Miami commissioners look to put time, place and manner restrictions on demonstrators
By Risa Polansky
Miami commissioners may support workers' rights — but you probably won't find them honking about it.
Lately, protesters have been picketing on behalf of the Florida Carpenters Regional Council on Brickell and downtown sidewalks, erecting large banners, shaking noisemakers and waving signs at drivers asking them to "honk for worker's rights."
Commissioners say it's been a distraction to office workers and a safety hazard to pedestrians.
They agreed last week to look into imposing time, place and manner restrictions on all demonstrations, labor or otherwise.
City Attorney Julie Bru is to work in tandem with attorney and Downtown Development Authority Board member Jay Solowsky to mediate with protesters and draft the law.
"You have folks blocking the sidewalk, you have people asking that others honk their horns, they whistle, and it's becoming a huge disruption," said Commissioner Marc Sarnoff, whose district includes Brickell and parts of downtown. "It's something we need to address and we need to address now."
Agreed commission and development authority Chairman Joe Sanchez, "It's causing an inconvenience not only to the working individual in downtown, but also it just sets a bad presence for those that live work and play in downtown, especially visitors. It's something that's awful."
He acknowledged that the protesters "may have a constitutional right, but where somebody's rights end, it begins for somebody else."

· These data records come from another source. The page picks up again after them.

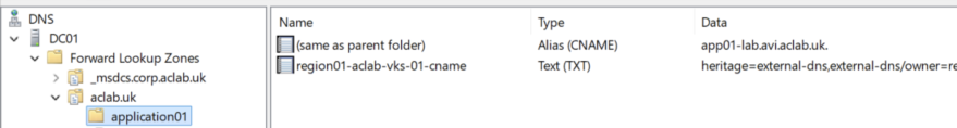 | TXT | region01-aclab-vks-01-cname.application01.aclab.uk | heritage=external-dns,external-dns/owner=region01-aclab-vks-01,external-dns/resource=httproute/dev/app01-aclab-nginx-httproute | Microsoft AD DNS | Deployed by External DNS. Infers external DNS ownership over the CNAME record. |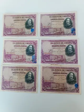 Billetes 50 Pesetas España 1928 (6 unidades)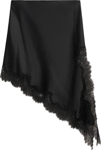This asymmetric satin skirt leans into an alluring, lingerie-inspired mood with its fluid drape and deep side slit. Eyelash lace trims the hem for a delicate finish, adding soft contrast and subtle texture to the contemporary silhouette.

Mr. Solowsky assured commissioners at the meeting that "no action being taken today is in contravention of anyone's first amendment right."
But the carpenters' council is worried the potential new laws would be.

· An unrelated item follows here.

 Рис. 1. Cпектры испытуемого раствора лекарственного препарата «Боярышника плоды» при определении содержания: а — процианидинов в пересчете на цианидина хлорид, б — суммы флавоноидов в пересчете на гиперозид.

"What we're doing is perfectly legal. Is it annoying at times? Yes, it is," said Terry Darling, director of business development and special projects for the Florida Carpenters Regional Council. "We don't block driveways, we don't block commerce… we will never, ever compromise our right to be heard in a legal fashion."

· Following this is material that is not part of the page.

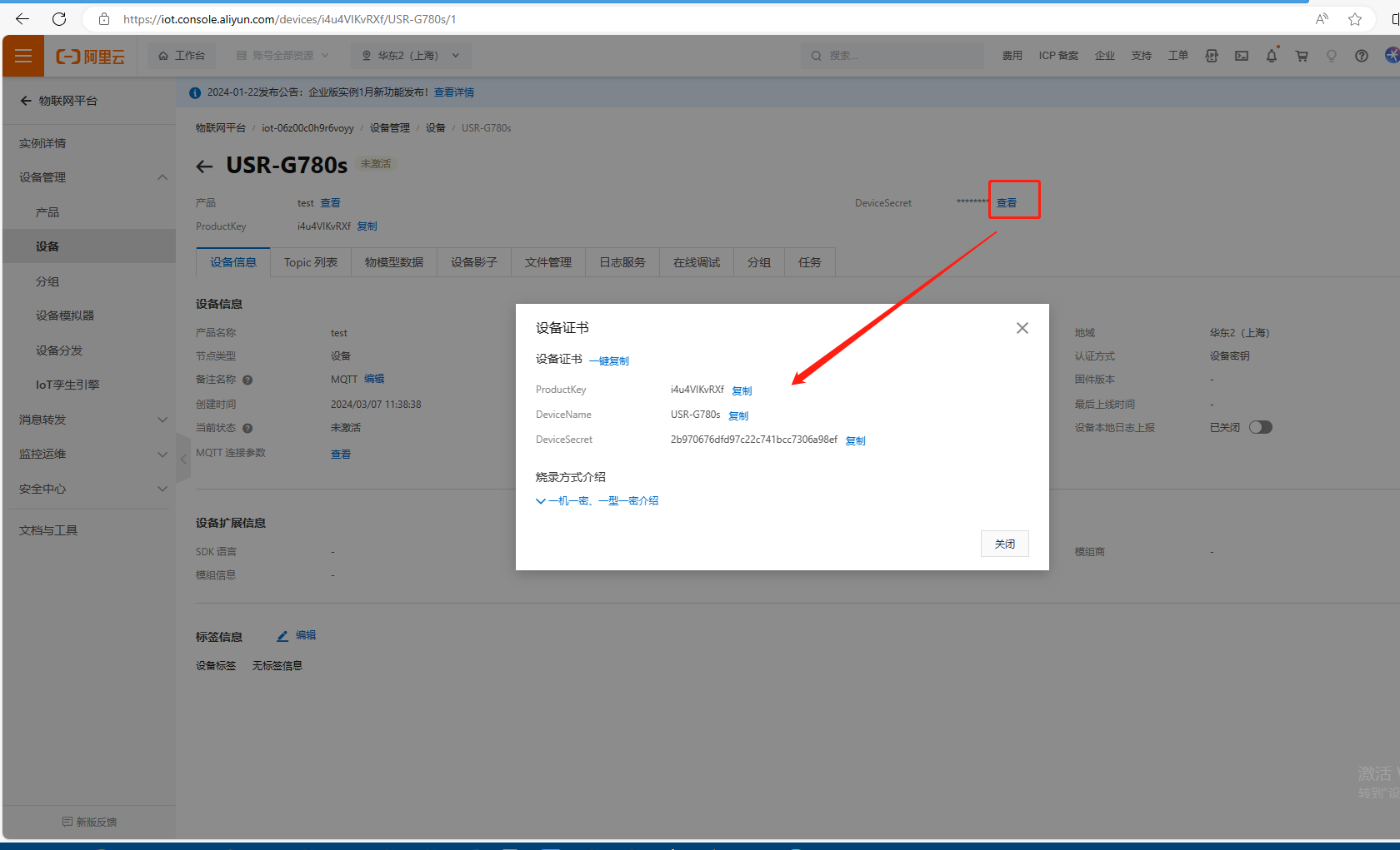 點擊設(shè)備,點擊查看,再點擊DeviceSecret后面的查看。

But, Mr. Sarnoff said, "demonstrations are subject to reasonable time, place and manner restrictions, and I think it's time the City of Miami go to court and set those reasonable time, place and manner restrictions."
He lamented noise and safety complaints from area office workers.
"I think we've got to be more pro-business in the City of Miami. We've got to be more responsive to the folks who are earning and paying our taxes."
But catching people's attention is "what a labor demonstration is all about," Mr. Darling said. "We're very peaceful, but we try to be noisy."
The carpenters' council has been advocating an "area standards campaign" for at least two years, he said, trying to raise awareness of companies paying what they call unfair wages and offering unfair — or no — benefits to workers.
"This is a campaign that basically tries to protect the ability of carpenters to earn a fair wage and benefits for him and his family," he said. "In the case of most of the drywall workers, there are a large number of drywall companies who undercut the wages in an attempt to become more competitive. With the exorbitantly high cost of living in South Florida, someone has to stand up for the working carpenter and his family."
Companies hire general contractors to oversee projects, "and they assume that everything's above board. Unfortunately, that's usually not always the case," Mr. Darling said. Many drywall workers are getting paid cash and offered no benefits, meaning "those who have insurance carry the burden for those who don't."
But it's not the reason behind the protests that the commissioners have taken issue with. It's the demonstrations themselves.
The carpenters' council has noticed.
The city has sent a testing firm to monitor noise levels and film the protests, Mr. Darling said.
"The city has been spending a lot of resources, and I would say probably not prudently."
But the demonstrations have become a safety issue, Mr. Sarnoff said, especially the long signs that stretch across sidewalks.
"They force people to walk into the street."
Ensuring safe ingress and egress for pedestrians is to be a main goal, said Mr. Solowsky, the attorney and Downtown Development Authority board member.
He plans to begin by sitting down with the carpenters' council to negotiate, he told commissioners.
As long as any time, place and manner restriction the city sets is content neutral and applies to all, "it is likely it would pass constitutional muster," he added in an interview.
He also noted, as Commissioner Sanchez did at last week's meeting, that most of the protesters are not actual laborers.
Upon approaching a group of seven protesters, "not one of them was a member of the carpenters' union. They were all hired solely for the purpose of picketing, and not one of them knew why they were picketing," Mr. Solowsky said.
At the meeting, Mr. Sanchez said that the protesters are homeless people "hired by these labor organizations."
The carpenters' council does hire the picketers, Mr. Darling said — and pays them rates beginning at $8.50 an hour, as well as insurance and workers' compensation.
Some have gone on to get other jobs afterward, using the carpenters' council as a reference, he said, pointing out that more paid demonstrators could mean fewer panhandlers downtown.
"Are we employing at-risk citizens? Yeah, we are," Mr. Darling said. But "I think we've given a lot of guys an opportunity to earn an honest living."